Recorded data
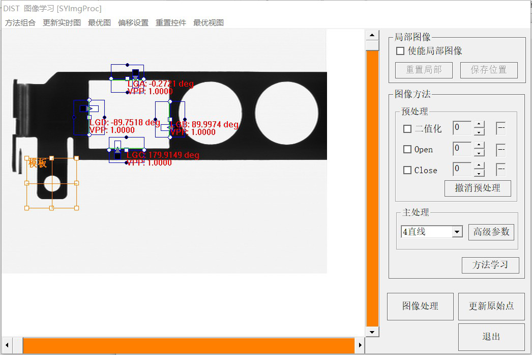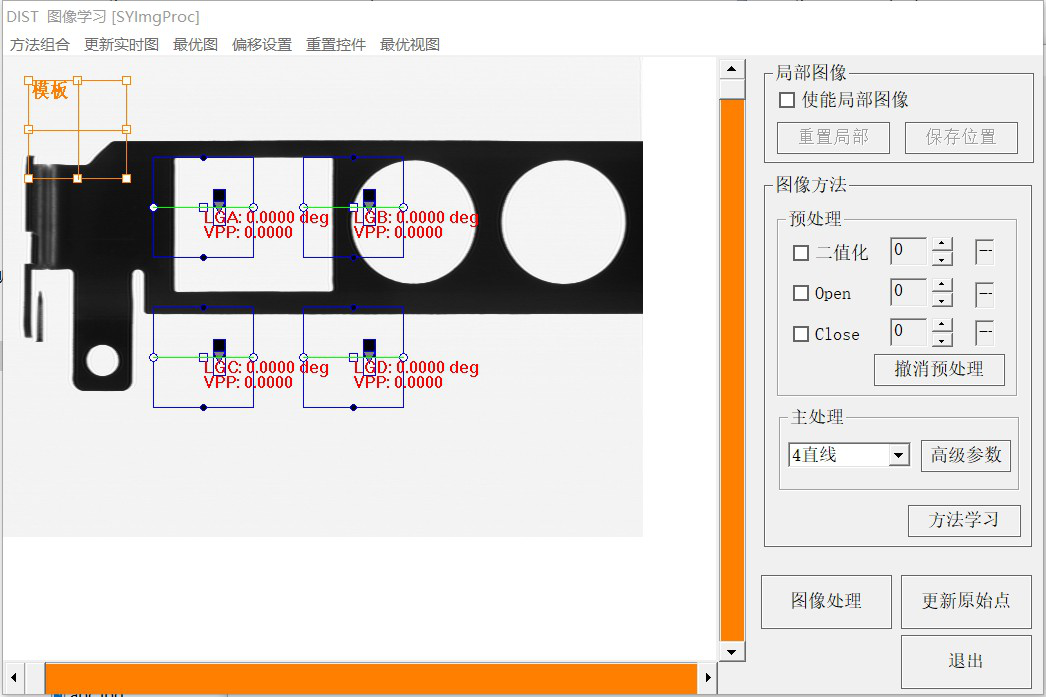 鼠標(biāo)改變 LGA、 LGB、LGC 及 LGD 模塊的角度和位置進(jìn)行直線擬合;特別地,鼠標(biāo)左鍵在模塊的中點(diǎn)雙擊可改變尋邊模式(黑到白 或 白到黑)
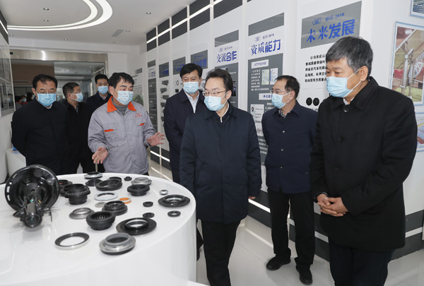 朱鹏深入山西新环橡塑制品有限公司调研企业复工复产及疫情防控情况。 记者 闫鑫 摄
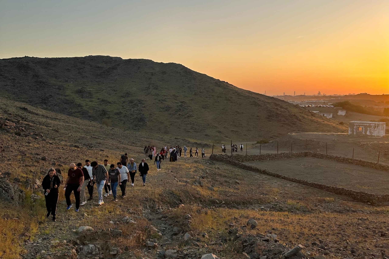 Hiking & Sunset Yoga at Moon Mountain – Jeddah Embark on a unique journey that blends adventure, relaxation, and breathtaking views. We’ll begin with a scenic hike to the summit of Moon Mountain, offering panoramic landscapes of the surrounding desert and rocky hills. At the top, you’ll enjoy a peaceful relaxation yoga session and deep breathing practice, accompanied by the magical sight of the sun setting over the mountainous horizon. The 5-hour trip includes healthy snacks, water, and refreshing juices to keep you energized. After descending the mountain, we’ll take a relaxing drive along Jeddah’s Red Sea Corniche to unwind and enjoy the coastal atmosphere. You’ll receive a meeting point in advance, and I’ll drop you off at any location of your choice within the city. Optional add-ons are available upon request (at your own expense), including: • Authentic local food tasting • Traditional shisha by the sea • Personalized visits to cultural or local spots This experience offers a perfect escape into nature, reflection, and calm—ideal for those seeking balance and inspiration.Includes
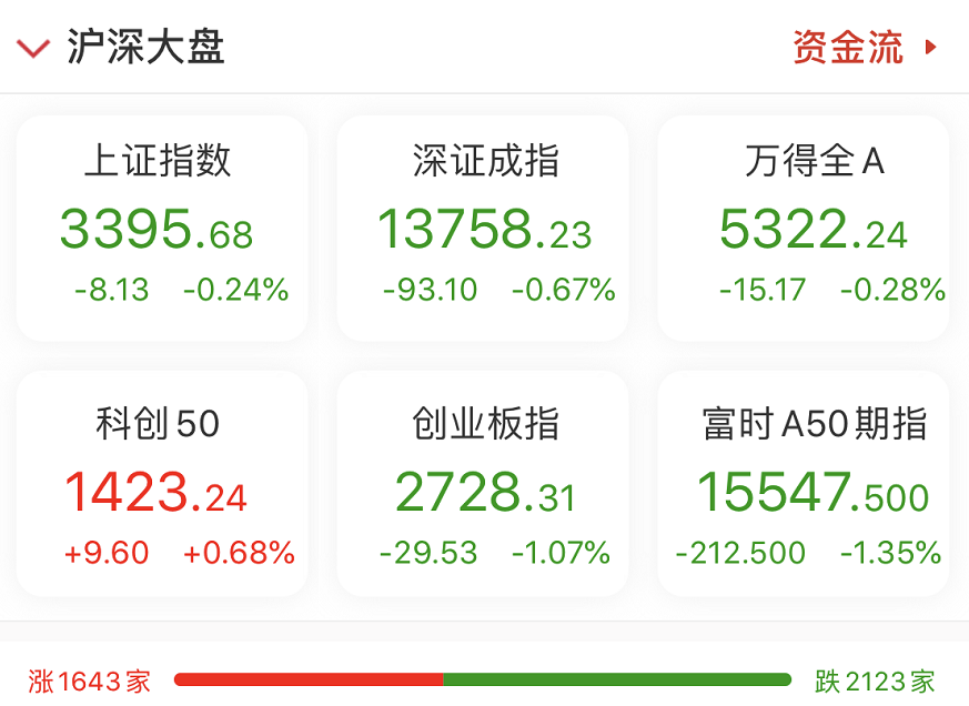 8月31日,A股再现跳水一幕。今天上午,市场延续上一个交易日强势表现,盘面走势也相对稳健。然而午后却风云突然,早盘一度净流入近36亿元的北上资金下午突然发动突袭,截至收盘,净卖出80亿元。上证指数再失3400点,收报3395.68点,跌0.24%;创业板指报2728.31点,跌1.07%;深证成指报13758.23点,跌0.67%;科创50报1423.24点,涨0.68%,唯成交超1万亿元。A50期指也于午后大幅跳水。
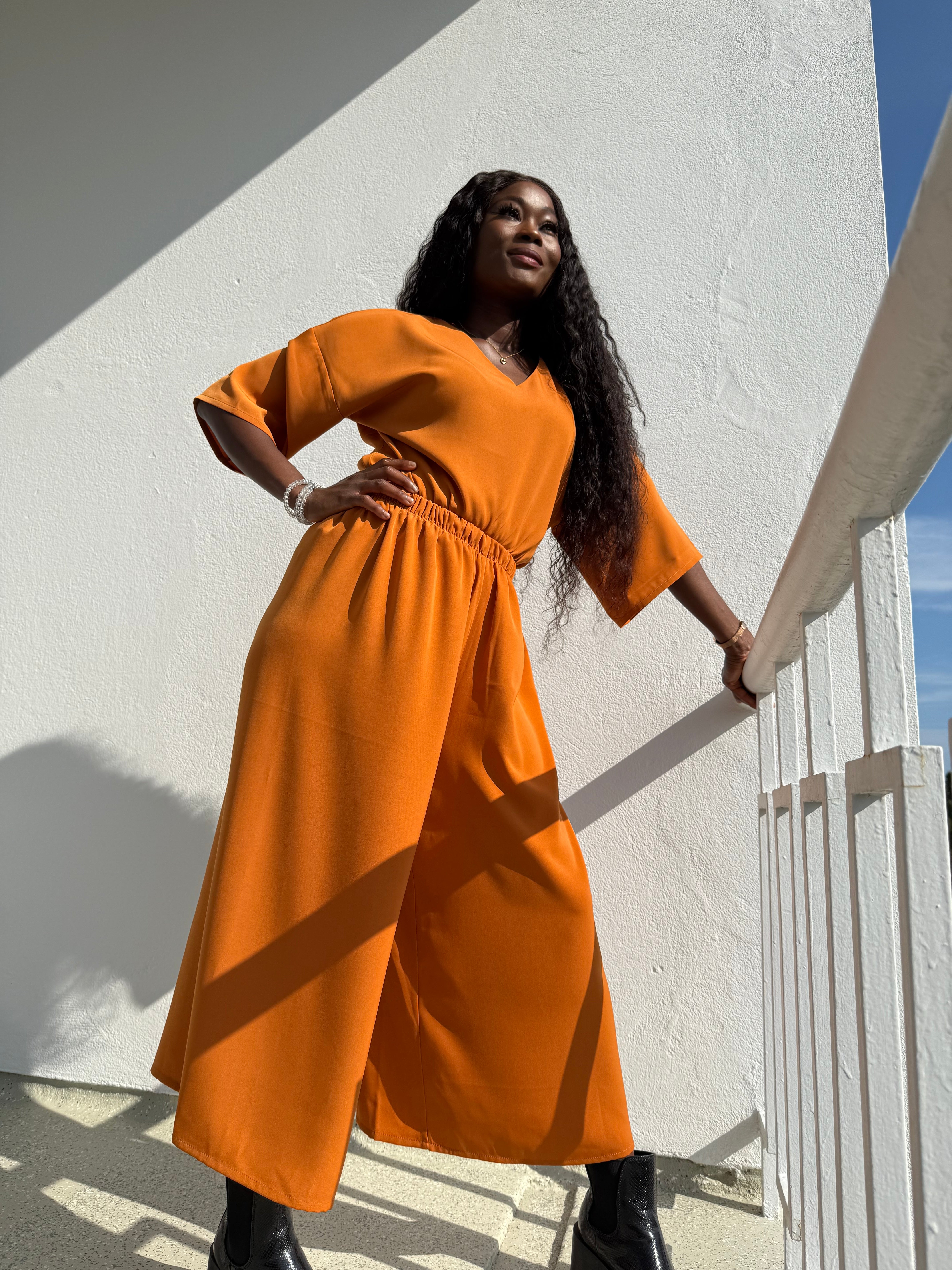 Kangas ei juurikaan rypisty joten pesun ja kuivumisen jälkeen voit huoletta pukea Sointu housuhameen yllesi ilman silitystä. Okran sävyinen materiaali on tunnultaan kuin kupro tai pehmeä viskoosi.
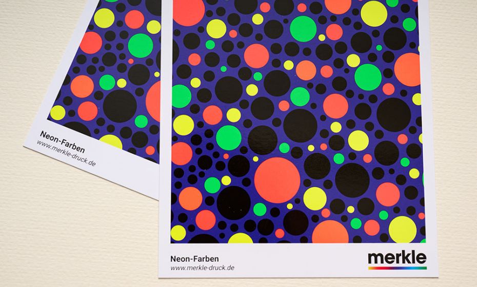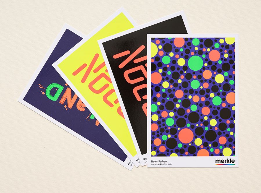 Spektakulär wird es mit neonfarbenen Effekten, die durch eine doppelte Aufbringung noch intensiver wirken. Damit werden Ihre Druckprodukte zum strahlenden Blickfang! Nutzen Sie diese Veredelungstechniken, um einzigartige Akzente zu setzen und Ihre Botschaft in Szene zu setzen.
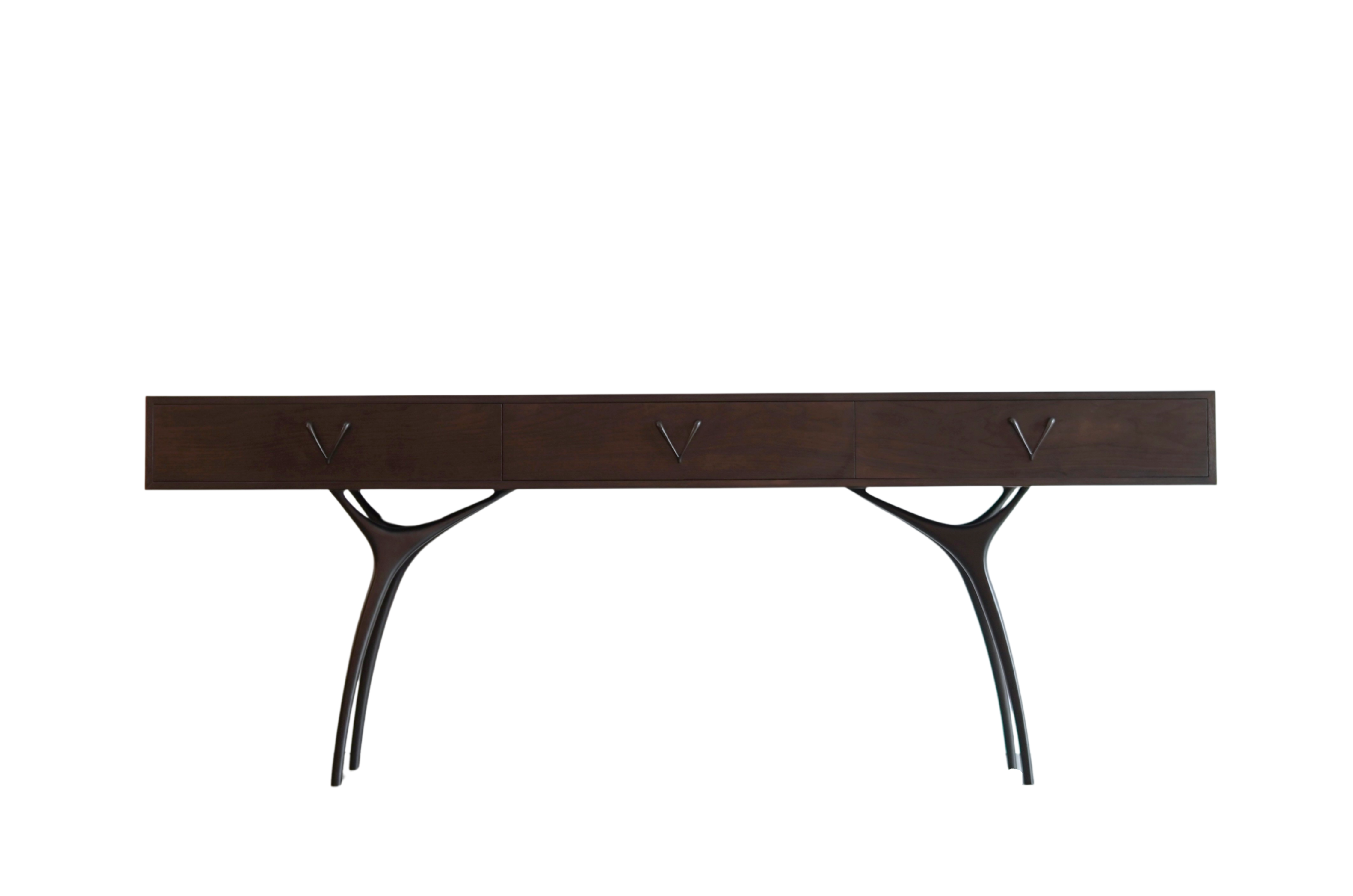 The Crescent Console Table by Carlos Solano is a statement of refined craftsmanship and sculptural elegance, inspired by mid-century modern design principles. Featuring solid brass casted legs available in brass, nickel, bronze, or our signature ORB finish, this console table strikes the perfect balance between artistry and functionality. The console’s case top, adorned with dual drawers and wishbone-shaped hardware, introduces a subtle sense of playfulness to its sophisticated silhouette, making it a timeless addition to your project entryway, living, or dining space.
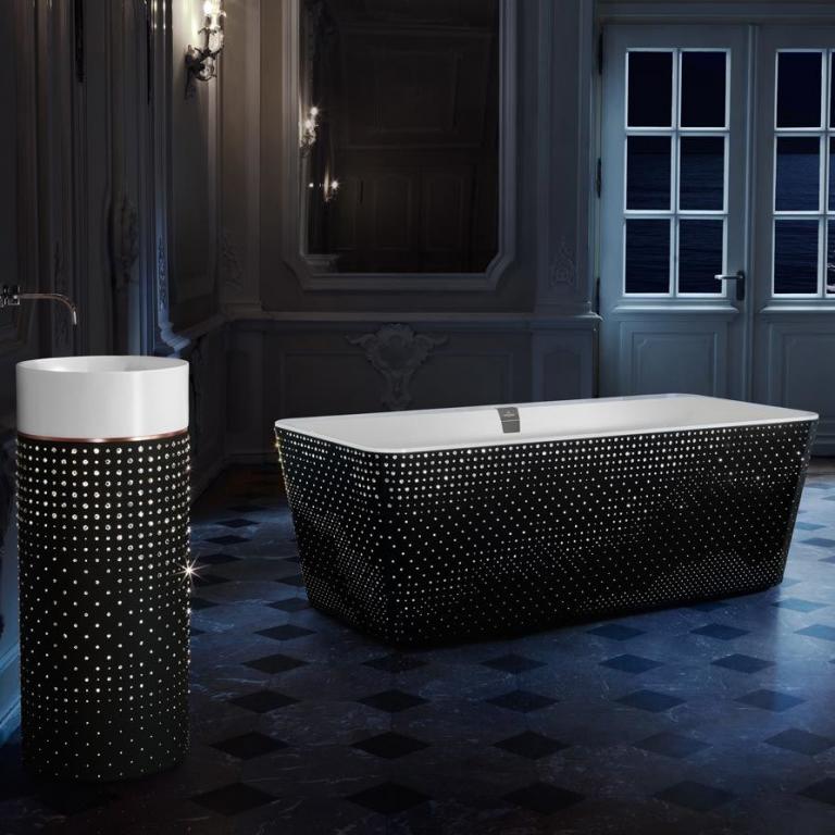 Ausgewählt hat Leung dafür Swarovski Xirius Rose Kristalle in den drei Größen 5 mm, 10 mm und 15 mm, die aufgrund ihres besonderen Schliffs unvergleichlich brillant glitzern und in Handarbeit auf das Leder aufgebracht wurden. Der funkelnde Glanz der Kristalle verleiht Säulenwaschtisch und freistehender Badewanne eine glamouröse Luxus-Attitüde, die ihresgleichen sucht.
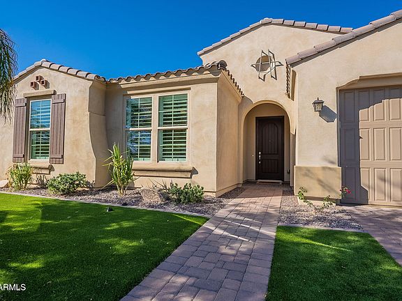 Experience a vibrant lifestyle at one of the best master-planned communities in Arizona. Home to beautiful neighborhoods, award-winning schools and innovative amenities! 4 bedrooms (split plan), 2-1/2 baths, 2,845 sf. Huge 10,000 sf lot. This home is a stunner with tons of upgrades including wood shutters, huge patio slider, Quartz in primary bath/kitchen, luxury ceramic wood-look tile, fans, gas fireplace and more! Great room concept open to Chef's kitchen boasting gas cooktop, gorgeous cabinets/backsplash, double ovens, Butler's pantry, oversized island/bar and breakfast nook. $90,000 resort backyard offers a heated pool with Baja shelf and swim-up bar, water feature, turf with cooling sprinklers, spa, outdoor kitchen/BBQ, Ramada with TV, gas firepit. Perfect for family gatherings! Luxurious primary bedroom/sitting area and spa bath. 3 car garage, large mud-room and beautiful curb appeal. Convenient to dining, shopping, Phoenix-Mesa Gateway Airport, excellent schools, near the 101, 202, 60 frwys all in the Thriving Gateway Corridor. Eastmark is something special with incredible amenities such as numerous parks and playgrounds, walking trails, tennis courts, community pool, splash pads, skate park, state of the art clubhouse, and ample community events. Welcome home!
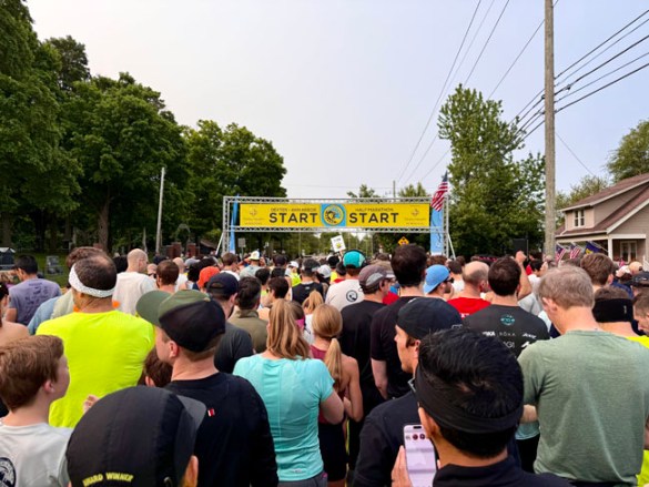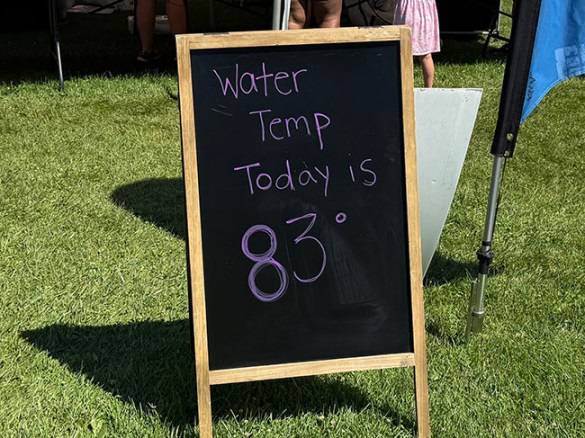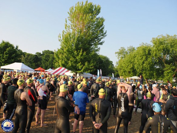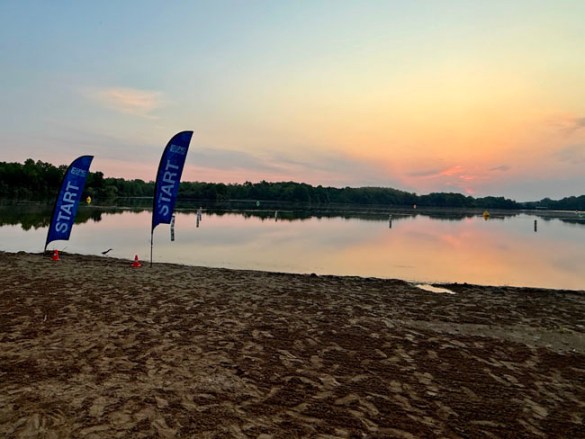 The pre-race meeting on the beach was due to start at 7:15 and I got into the lake to warm up a few minutes before that. Thanks to our recent heat wave the water was 83° – no wetsuits for this one! That’s actually the same as it was last year, although the heat wave continued on race day. We were extremely fortunate for a little break in the heat and humidity on race morning this year. The air was 67° at the start so I actually wanted to stay warm in the water as long as I could.

## Directions for this task
The line containing "朱鹏深入山西新环橡塑制品有限公司调研企业复工复产及疫情防控情况。 记者 闫鑫 摄" marks where the copy ends; print every line before it from the start of the records, and that line too, but no pictures.

## Problem solution
 鼠標(biāo)改變 LGA、 LGB、LGC 及 LGD 模塊的角度和位置進(jìn)行直線擬合;特別地,鼠標(biāo)左鍵在模塊的中點(diǎn)雙擊可改變尋邊模式(黑到白 或 白到黑)
 朱鹏深入山西新环橡塑制品有限公司调研企业复工复产及疫情防控情况。 记者 闫鑫 摄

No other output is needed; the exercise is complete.